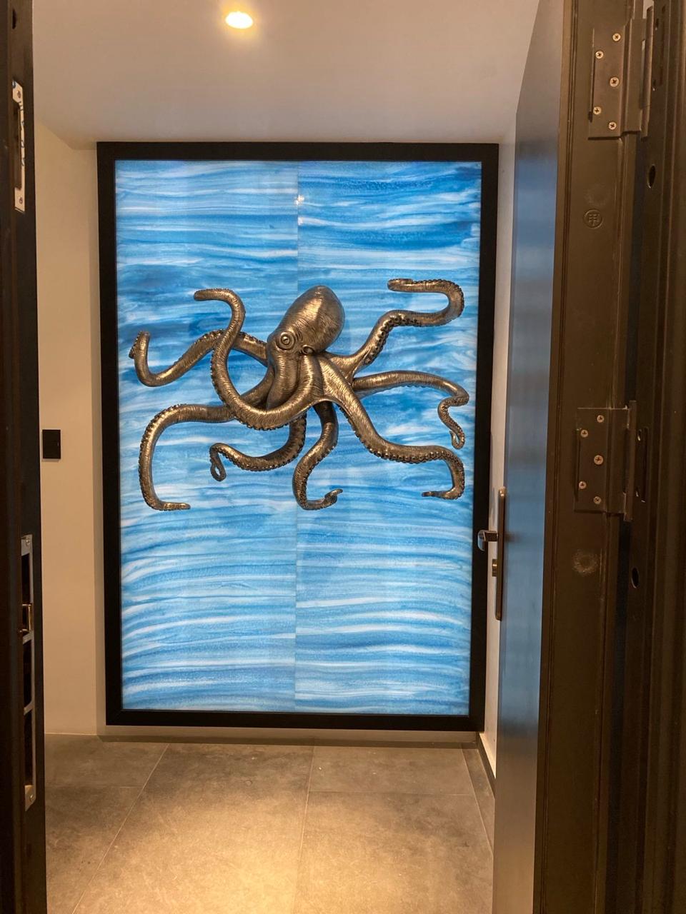 Tấm nhựa acrylic đá xuyên sáng màu xanh lam, ốp tường, vân cẩm thạch onyx trang trí tường
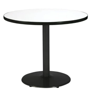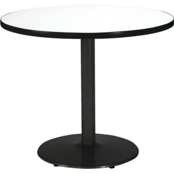 - 30″ Round Pedestal Table With Crisp Linen Top, Round Black Base
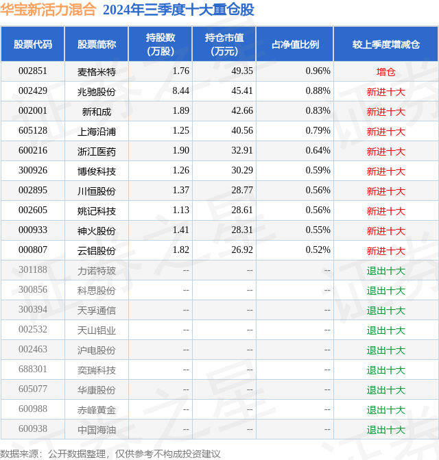 证券之星消息,日前华宝新活力混合基金公布三季报,2024年三季度最新规模0.52亿元,季度净值涨幅为2.05%。
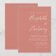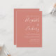 Este simples convite de casamento moderno apresenta um texto branco sobre um fundo de terracota. Adicione os nomes da noiva e do noivo na caligrafia de escrita manual do na moda e os detalhes na fonte sans serif. O reverso é uma sombra de terracota sólida.
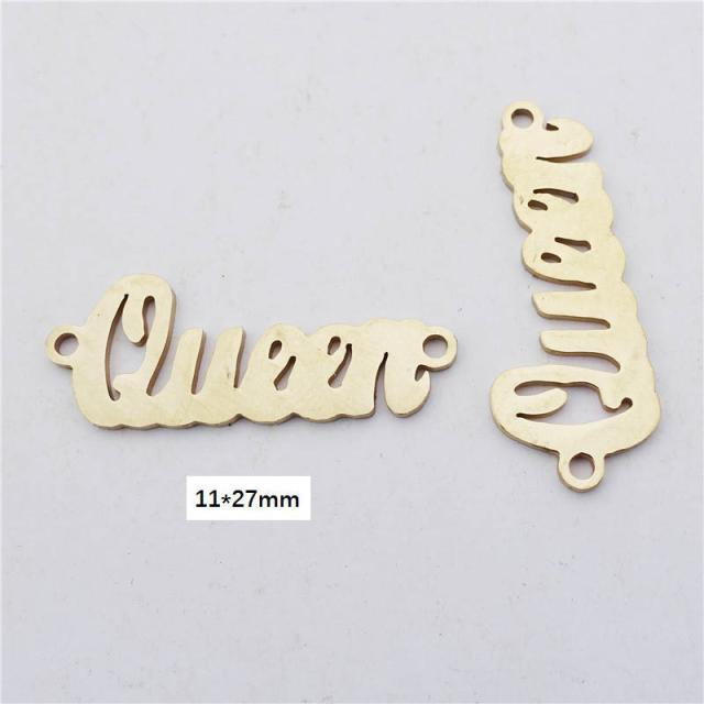 ゴールドQUEENコネクトステンレスパーツ 1個販売 クィーン 女王 英語 アルファベット クイーン 文字 金色 ジョイントパーツ コネクター 繋ぐ 2穴 ブレスレット用 ウエストチェーン用 アンクレット用 丸環 マルカン チェーンをつなぐ DIY 手作り ハンドメイド 鎖
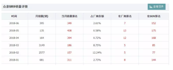 但是好景不长,在“10万开保时捷”的泡沫破灭以后,S系列销量呈现断崖式的下跌。据车主之家公布的数据,今年6月众泰SR9销量仅为395辆,SR7更是跌至历史最低的103辆。
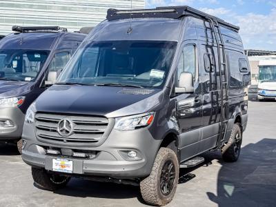 Pick a place, any place, and start packing. This off-road capable diesel van features a 49" x 79" gear garage beneath the power lift bed where you can store camp chairs, paddle boards for the lake, outdoor games and plenty of hiking gear. The on-board wet bath will keep you fresh and clean, and you can easily whip up meals and snacks in the kitchen with a single-burner induction cooktop and refrigerator beneath the counter for your perishables. There is also a sink for cleaning up and a removable counter extension. An optional jump seat and removable wall mounted swivel table behind the driver's seat can accommodate you for meals or a game of cards, or you can choose the optional adventure bar work/storage solution in place of the jump seat. Both front driver and passenger seats swivel to the back so you'll have plenty of seating even with company. At night, the power lift bed will allow you to get a great night's rest so you can enjoy it all again the next day!
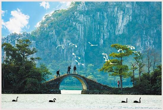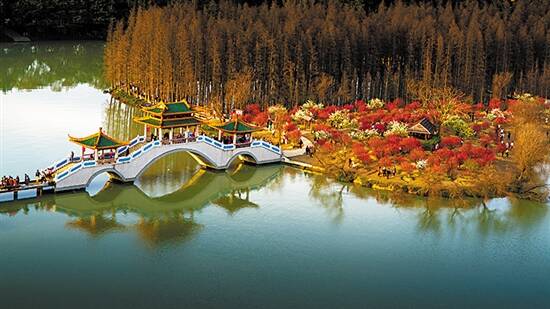 星湖国家湿地公园:自然风光绚丽,是中国亚热带最具典型性和代表性的岩溶湖泊湿地。秋天的星湖,秋风拂面,水杉渐红,水天一色,万鸟云集。鸟中有美丽名贵的丹顶鹤、火烈鸟等,被称为“南方鸟岛”。
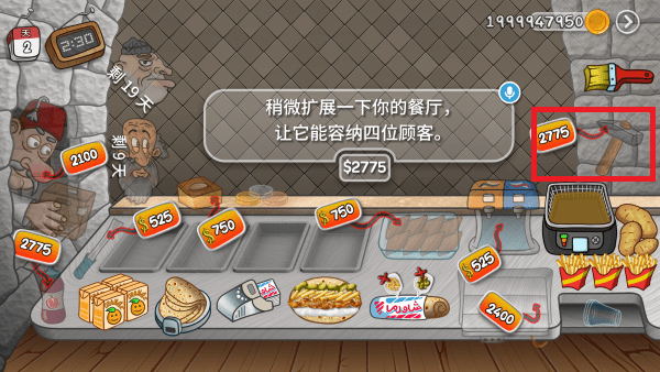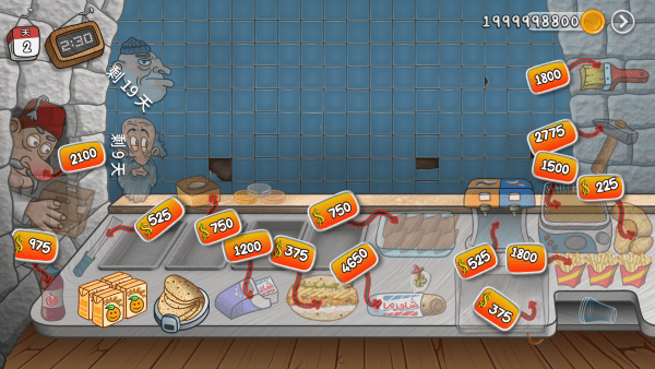 或者购买刷子来改变店铺的风格,吸引更多的顾客。左侧的倒计时显示的是小偷和乞丐出现的时间,需要注意防范。

■ ■ ■ ■ ■

▶ **Task requirements**: Could you reproduce the entries verbatim, leaving out all pictures?

▶ **Answer below**:
 Tấm nhựa acrylic đá xuyên sáng màu xanh lam, ốp tường, vân cẩm thạch onyx trang trí tường
 - 30″ Round Pedestal Table With Crisp Linen Top, Round Black Base
 证券之星消息,日前华宝新活力混合基金公布三季报,2024年三季度最新规模0.52亿元,季度净值涨幅为2.05%。
 Este simples convite de casamento moderno apresenta um texto branco sobre um fundo de terracota. Adicione os nomes da noiva e do noivo na caligrafia de escrita manual do na moda e os detalhes na fonte sans serif. O reverso é uma sombra de terracota sólida.
 ゴールドQUEENコネクトステンレスパーツ 1個販売 クィーン 女王 英語 アルファベット クイーン 文字 金色 ジョイントパーツ コネクター 繋ぐ 2穴 ブレスレット用 ウエストチェーン用 アンクレット用 丸環 マルカン チェーンをつなぐ DIY 手作り ハンドメイド 鎖
 但是好景不长,在“10万开保时捷”的泡沫破灭以后,S系列销量呈现断崖式的下跌。据车主之家公布的数据,今年6月众泰SR9销量仅为395辆,SR7更是跌至历史最低的103辆。
 Pick a place, any place, and start packing. This off-road capable diesel van features a 49" x 79" gear garage beneath the power lift bed where you can store camp chairs, paddle boards for the lake, outdoor games and plenty of hiking gear. The on-board wet bath will keep you fresh and clean, and you can easily whip up meals and snacks in the kitchen with a single-burner induction cooktop and refrigerator beneath the counter for your perishables. There is also a sink for cleaning up and a removable counter extension. An optional jump seat and removable wall mounted swivel table behind the driver's seat can accommodate you for meals or a game of cards, or you can choose the optional adventure bar work/storage solution in place of the jump seat. Both front driver and passenger seats swivel to the back so you'll have plenty of seating even with company. At night, the power lift bed will allow you to get a great night's rest so you can enjoy it all again the next day!
 星湖国家湿地公园:自然风光绚丽,是中国亚热带最具典型性和代表性的岩溶湖泊湿地。秋天的星湖,秋风拂面,水杉渐红,水天一色,万鸟云集。鸟中有美丽名贵的丹顶鹤、火烈鸟等,被称为“南方鸟岛”。
 或者购买刷子来改变店铺的风格,吸引更多的顾客。左侧的倒计时显示的是小偷和乞丐出现的时间,需要注意防范。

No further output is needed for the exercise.